We use the Company Information Site to make information, products, and services available to You. The term "Personal Information" means information that You provide to us that personally identifies You to be contacted or identified, such as Your name, phone number, email address, and any other data tied to such information.

1) The General Information We Obtain. We collect the information We need to provide You with the information, products, and services that You request and to update, promote, and distribute Our products and services to meet Your needs as they evolve. If You request information, products, or services from Us, We will ask You to provide the information We need to respond to Your request. No one is required to provide any information to Us at any time. However, if You do not provide Us with the information We request, We may be unable to provide You with the information, products, or services You have asked for. In other cases, Your decision not to give us information may preclude Your access to certain features and functions of the products and services We offer.
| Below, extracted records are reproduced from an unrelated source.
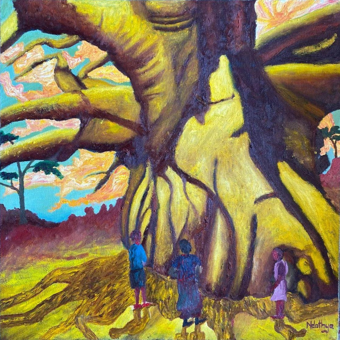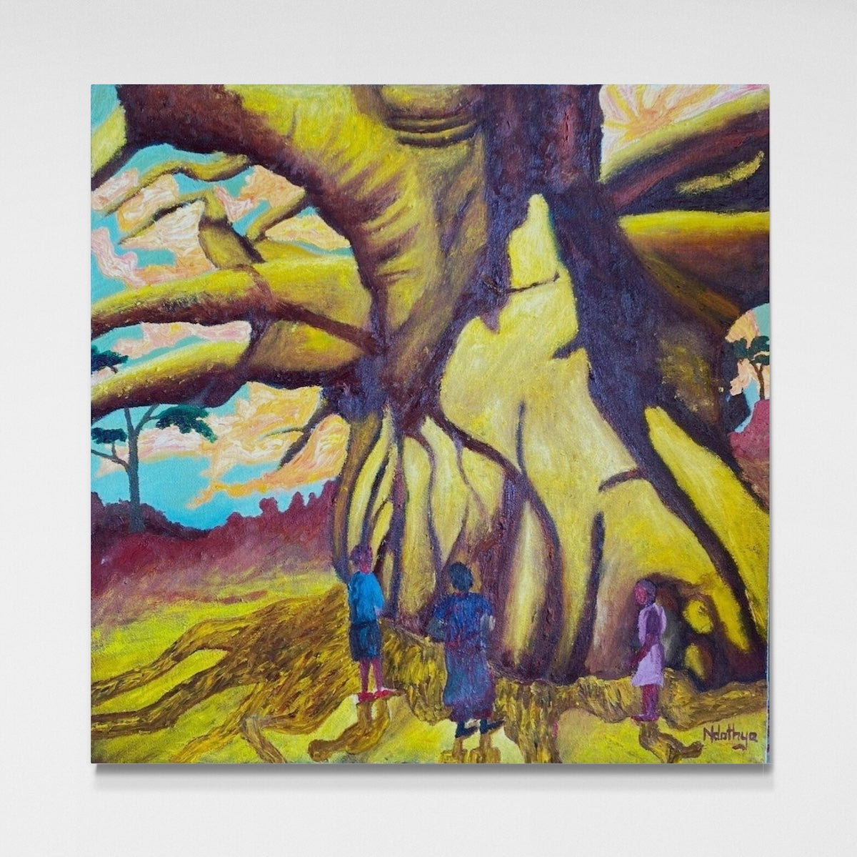 This piece was created at the Uweza Art Gallery by a youth artist living in the Kibera slum of Nairobi Kenya. 60% of the proceeds of this sale will go to the artist and 40% will go toward the operations of our art gallery, which provides opportunities for creative expression and development of artistic talent for children and youth living in Kibera.
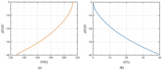 To ensure operational stability, PV systems are typically controlled to operate on the section of the P-V curve located on the right side of the MPP. It can be proved that the P-V curve on the right side of MPP monotonically decreases, and the derivative of P with respect to V also exhibits monotonicity for P. Therefore, each P value on the right side of MPP corresponds to a unique value of , as depicted in Figure 6a. Equation (7) reveals that there is a linear relationship between the output power P and the power reserve ratio of the PV system. As a result, the derivative of P with respect to V must also have a one-to-one correspondence with the power reserve ratio , as illustrated in Figure 6b, which is under the standard test condition (STC, ).
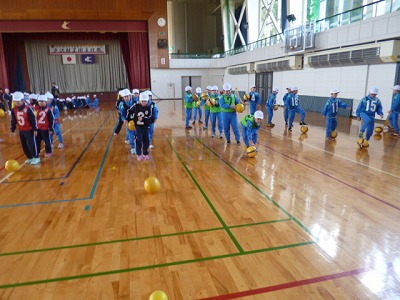 前日の雨の影響でグランドコンディションが悪く戸沢村中央公民館で活動を行いました。
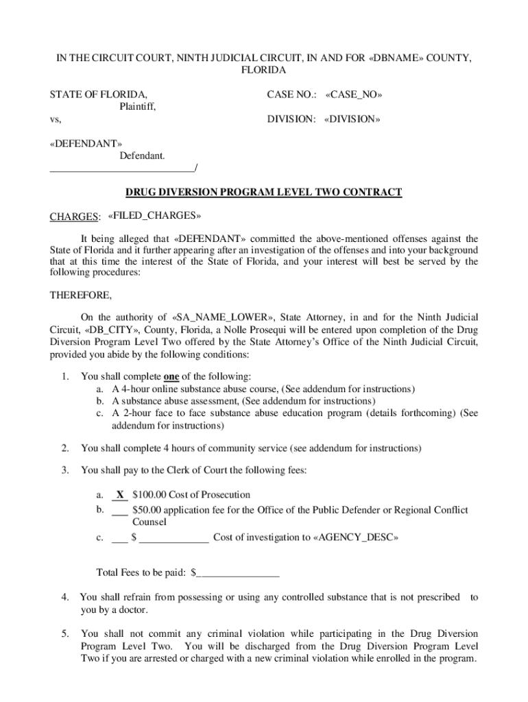 IN THE CIRCUIT COURT, NINTH JUDICIAL CIRCUIT, IN AND FOR NAME COUNTY, FLORIDA STATE OF FLORIDA, Plaintiff, vs, CASE NO.: CASE_NO DIVISION: DIVISIONDEFENDANT Defendant. ___/ DRUG DIVERSION PROGRAM
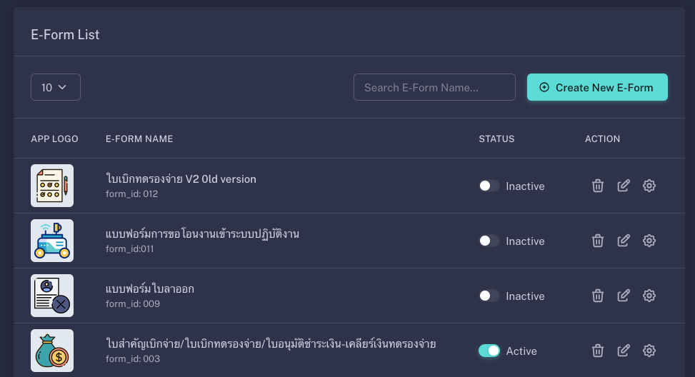 อีฟอร์มและเทมเพลตเอกสารเชื่อมกับแต่ละขั้นตอน
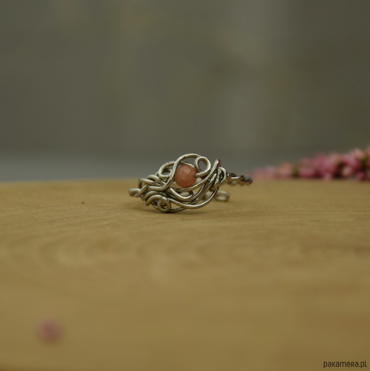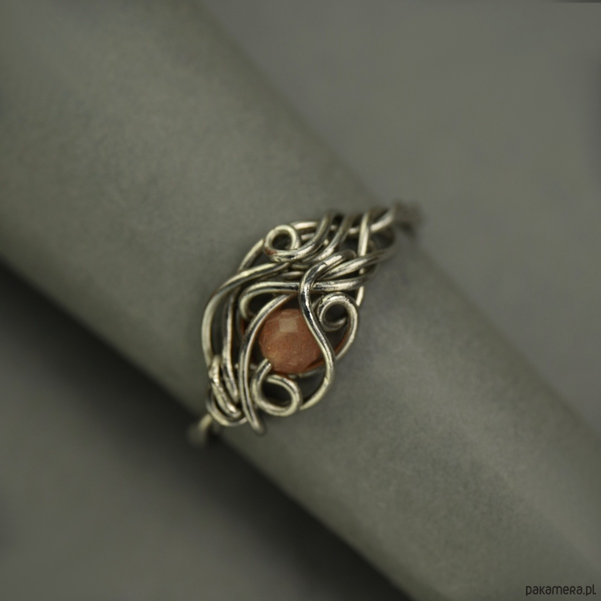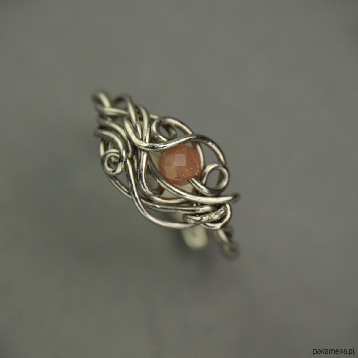 Ręcznie wykonany pierścionek z kamieniem słonecznym. Pierścionek zrobiłam w całości z drutów ze stali chirurgicznej techniką wire wrapping.
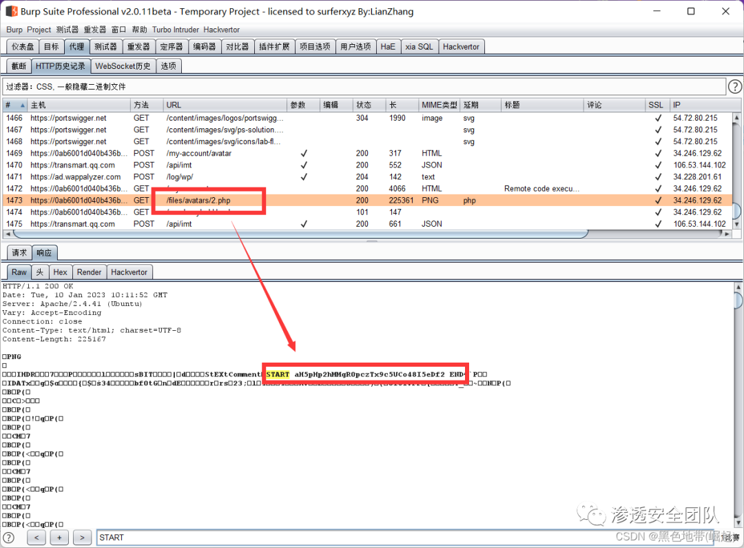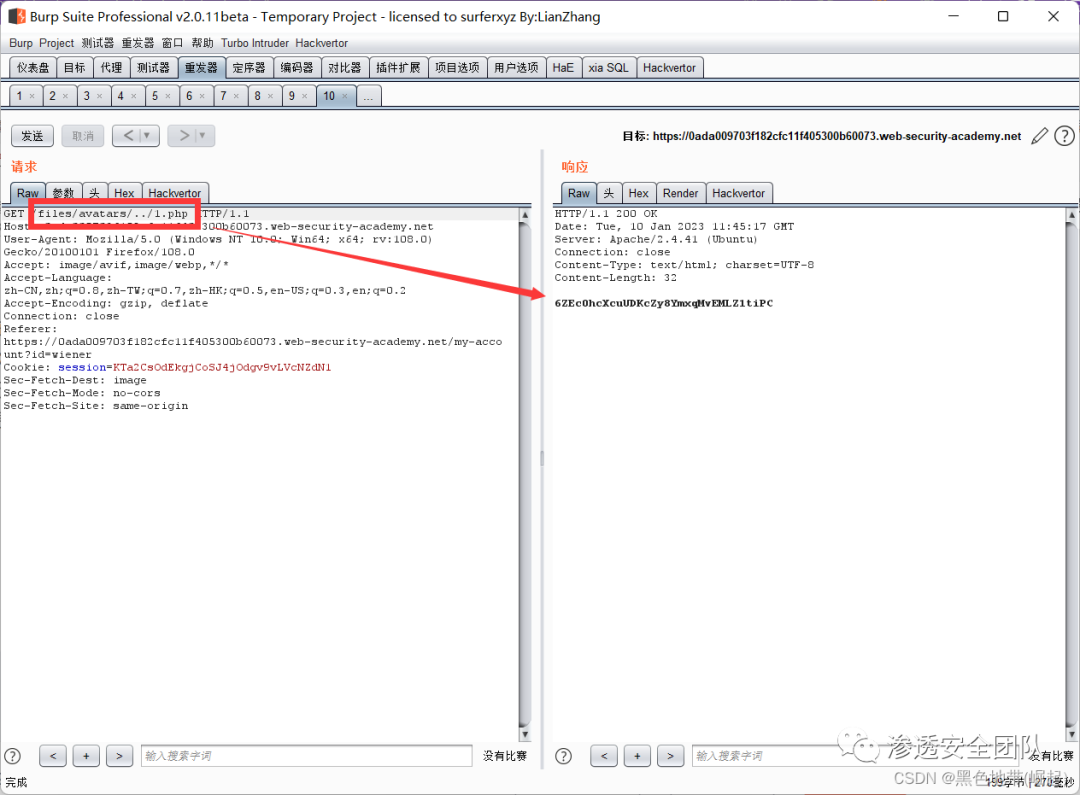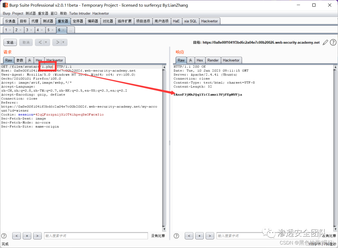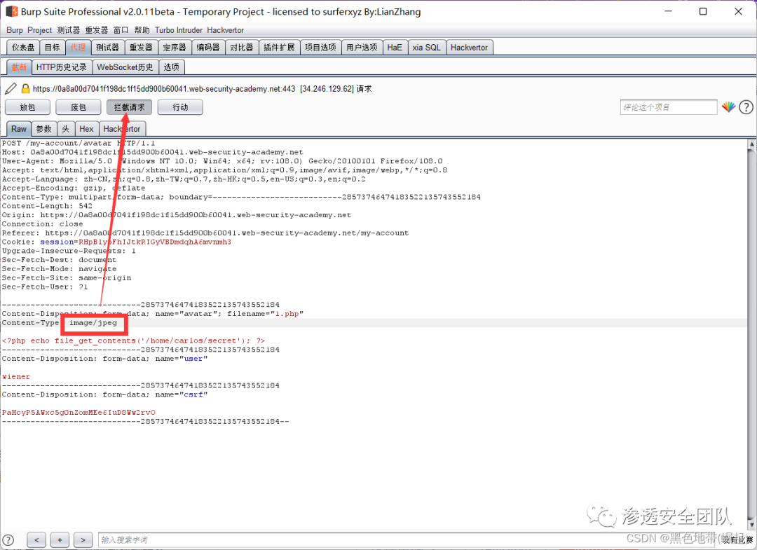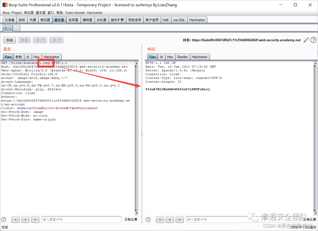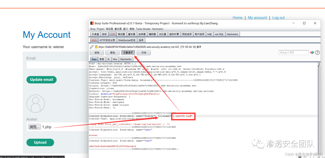 在Burp Repeater中,转到POST/my-account/avatar请求的选项卡,找到与PHP文件相关的身体部分。
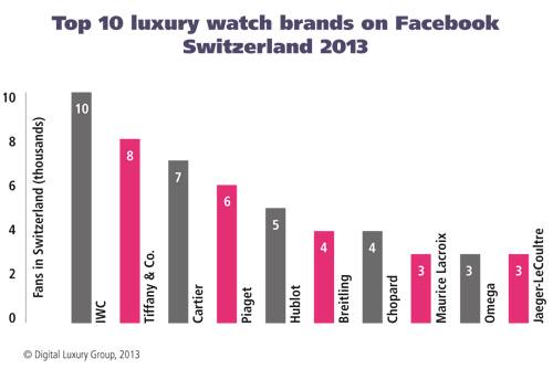 Por último, ¿qué pasa con el desempeño de las marcas de relojes de lujo suizos en Facebook? Las marcas Couture están, lógicamente, a la vanguardia en Facebook, ya que aprovechan su internacionalmente fuerte base de la moda. Sobre la investigación de las marcas fuera de esa categoría, las marcas están presentes desde la categoría Watch & Jewelry, la mayoría de las cuales tienen una base joyera. “Facebook es una realidad, pero no para todo tipo de comunicación, siendo el más adecuado para el contenido de moda mucho más consciente que marcas como Bulgari y Cartier tienen que ofrecer.«Al comentar sobre la ausencia de ciertas marcas icónicas en Facebook, James Gurney, Editor en Jefe de la QP , añade:»Patek Philippe, por ejemplo, no utiliza embajadores de marca en la forma en que lo hacen Omega, TAG Heuer o Cartier - Facebook trabaja para las noticias de usar y tirar y Patek no quiere eso."
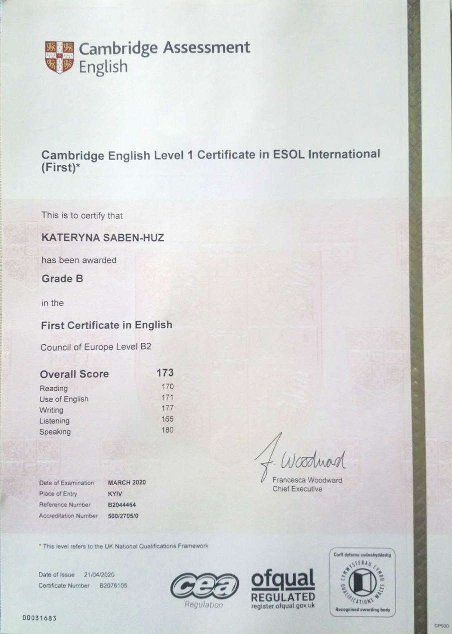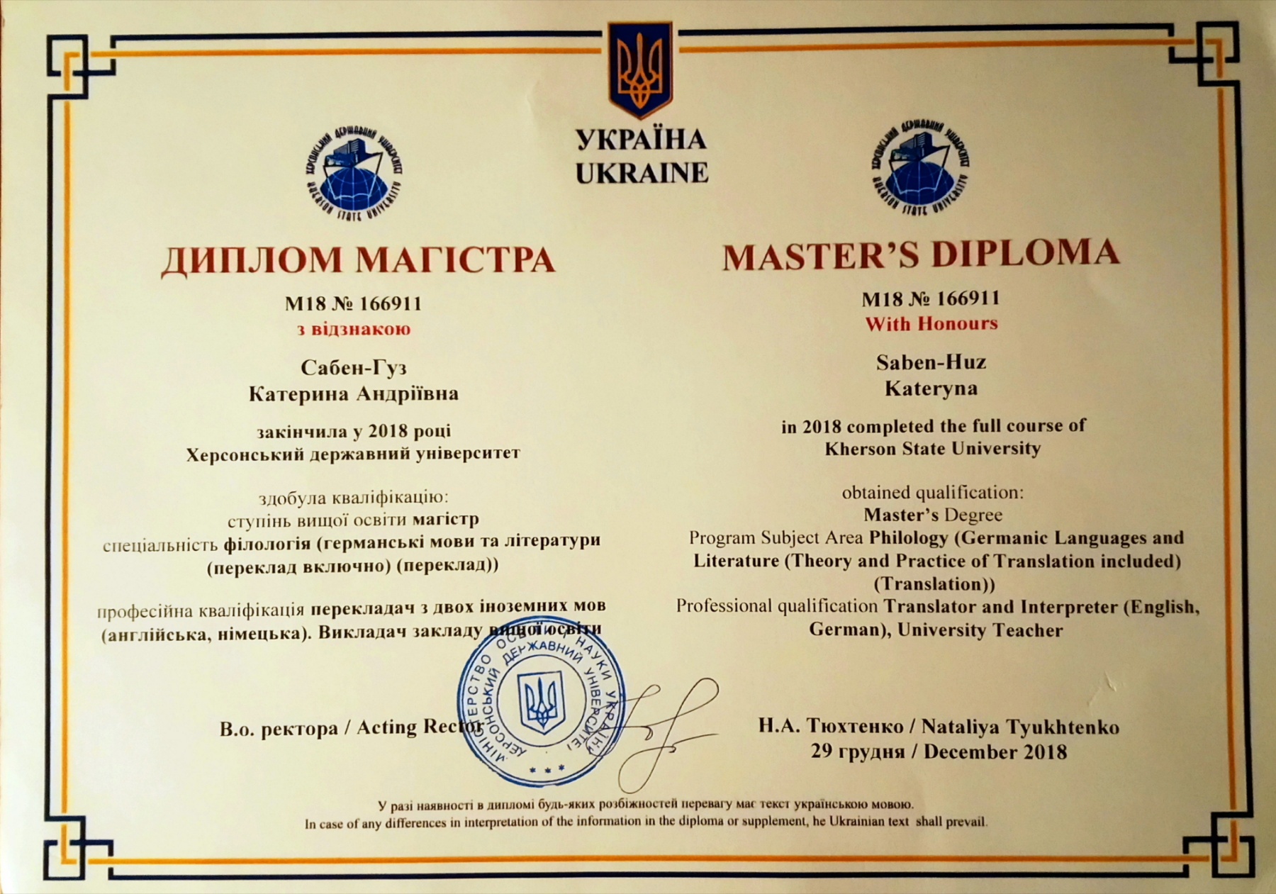 Имею диплом переводчика (с отличием). Окончила Херсонский государственный университет по специальности "филология (германские языки и литература (перевод включительно (перевод))). Проф. квалификация: переводчик с двух иностранных языков (англ, нем).
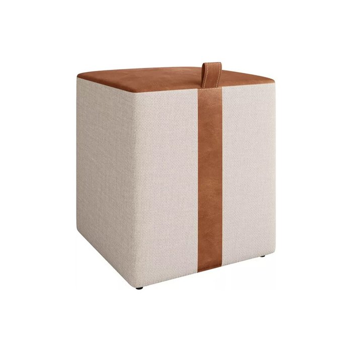 Puff Banqueta Éros Linho Bege com Couro Caramelo Luxo - Ms
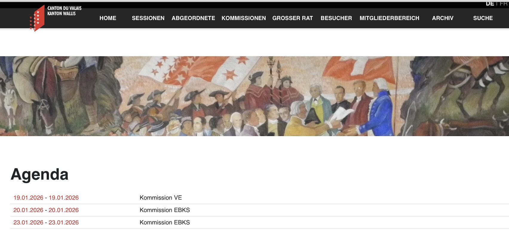 Wenigstens funktionierte die Webseite der Walliser Polizei. Diese läuft technisch unabhängig vom Kanton. Das gleiche gilt für das Walliser Parlament, den Grossen Rat.
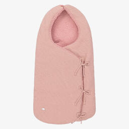 Baby girls and boys blue knitted nest by Paz Rodriguez. It is softly padded and has a cosy teddy fleece lining. There are tie fastenings on the front and a zip fastening along the bottom, allowing it to be opened up flat. The slits on the back can be cut open for safety straps to be threaded through in a buggy or car seat.
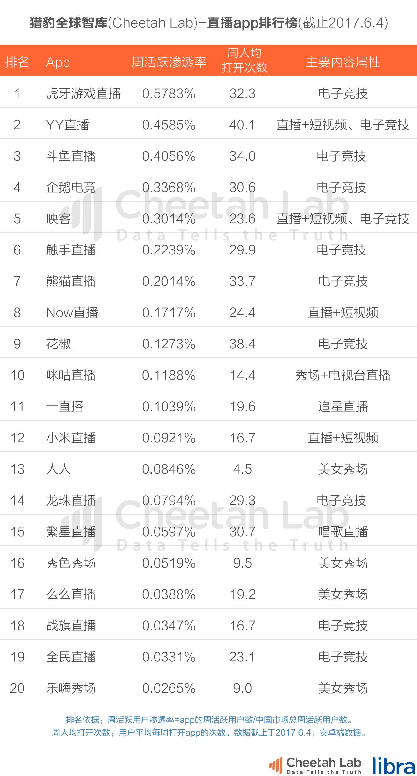 注:体育直播、纯电视直播以及划分到短视频领域(详情请见猎豹全球智库(Cheetah Lab)的短视频报告)的app不包括在排行榜中。
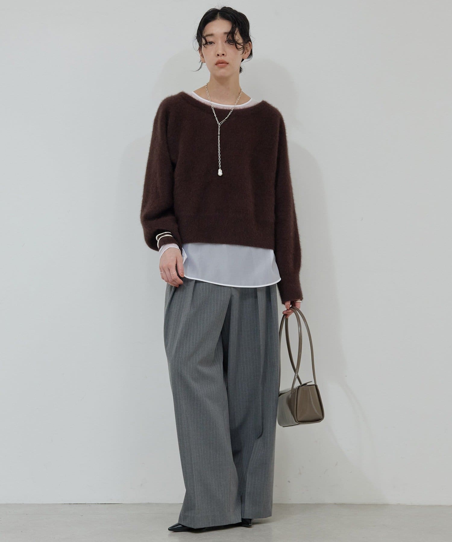 ●ブラウスとのレイヤードはもちろんワンピースやサロペットとの着合わせもおすすめ。
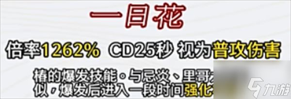 变奏入场,此时打普攻或者技能可以消耗能量叠层,最高10层, 叠满后e变成超高倍率的“一日花”10级1262%的倍率,这个时候会变成含苞形态(含苞形态只会强化e和平a输出,不管此时是白椿和红椿),期间持续用普攻或者e输出,红椿白椿都可以,看怪的分布灵活换,一日花状态结束切人循环就行。

2) How Information is Obtained. We obtain information through the Company Information Site by using forms posted on or linked to the site that seek information, including Your interests and concerns, preferences for products and services, or contact information. We also seek information through email and in other routine, lawful operations that We conduct in the ordinary course of operating Our business. These operations may include the use of standard data gathering functionality, such as cookies and other devices that collect certain standard information generated by Web browsers about users of the Company Site, such as IP addresses, access times, and their experience using one or more web sites operated by or on behalf of Us. We use Google Analytics™ web analytics services on some Company Information Site. Google Analytics is a service that Google, Inc. ("Google") provides. Google uses the data collected to track and examine the use of the Company Information Site, prepare reports on its activities, and share them with other Google services. Google may use the data collected to contextualize and personalize the ads in its network or advertisers. For more information about Google's data practices, see Google's Privacy Policy at https://policies.google.com/privacy. To opt out of Google Analytics tracking, visit https://tools.google.com/dlpage/gaoptout. We also use third-party marketing and communication platforms to manage email correspondence and other touch points. We use third-party product analytics platforms to collect data including page views, feature usage, and user interaction events across the Company Sites. This data is used solely to understand how our products are used and to improve them; it does not include session recordings or the capture of Protected Health Information. If you do not wish to have your information shared with us, please contact us at the email listed below with your request. You can, of course, unsubscribe or "opt out" of marketing communications at any time.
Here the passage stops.